Mais uma vez correram anos.

Morreu o patrão. A viúva ficou sem recursos. Queriam despedir a criada, mas Sara não abandonou a casa. Foi um esteio, na miséria; mantinha tudo em ordem, trabalhava até altas horas da noite, ganhando com o seu esfôrco o pão de cada dia. Não apareceu nenhum parente para ajudar a família, e a viúva ia ficando cada vez mais fraca, e passou na cama meses inteiros. Sara trabalhava, e também ia sentar-se ao pé do leito da enfêrma, dela cuidando, velando por tudo. Era piedosa — era um anjo de bênção, naquela pobre casa.

Um dia a doente disse-lhe:

— Ali está a Bíblia, sôbre a mesa, Sara. Lê-me um pouco . . . A noite me parece tão longa, tão longa . . . e meu coração tem sêde da palavra de Deus.

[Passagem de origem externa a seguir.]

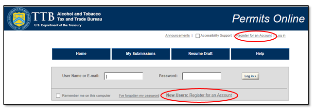 You can register for a Permits Online account by clicking on "Register for an Account" at the top of the screen or "New User: Register for an Account" under the login information.
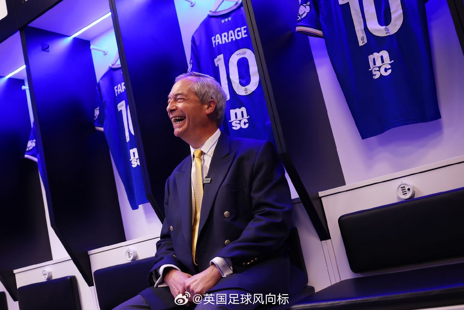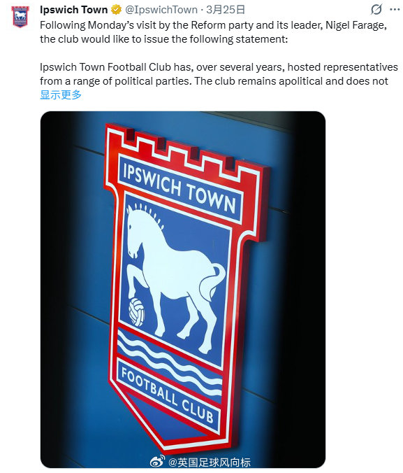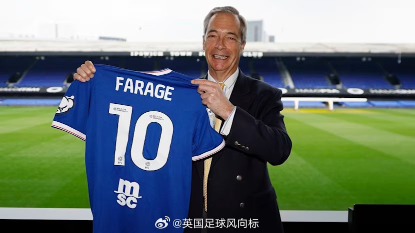 【英国特朗普】英国右翼政党,改革英国党的创办人兼党魁,奈杰尔-法拉奇,突然造访英冠球队伊普斯维奇的主场,波特曼路球场,高举该队球衣并且拍摄宣传短片,祝愿伊普斯维奇在本赛季剩余时间能够踢出精彩的表现。

E Sara, curvando a cabeça, pegou no livro. Uniu as mãos em tôrno da Bíblia dos cristãos, abriu-a e leu para a doente. A cada passo sentia os olhos rasos de lágrimas, mas êles luziam e cintilavam, enquanto no seu coração ia fazendo-se a luz.

— Mãe ! — disse ela baixinho. —— Tua filha não deve receber o batismo dos cristãos; não deve ser recebida na comunhão dêles. Assim o determinaste, e eu hei de honrar a tua vontade. Quanto à vida neste mundo, estou de acôrdo contigo. Mas para além desta terra, mais além, existe uma união mais sublime, em Deus, que nos conduz e guia para além da morte. Assim o compreendo. Não sei mesmo como foi que aprendi a compreender, mas foi por intermédio de Cristo.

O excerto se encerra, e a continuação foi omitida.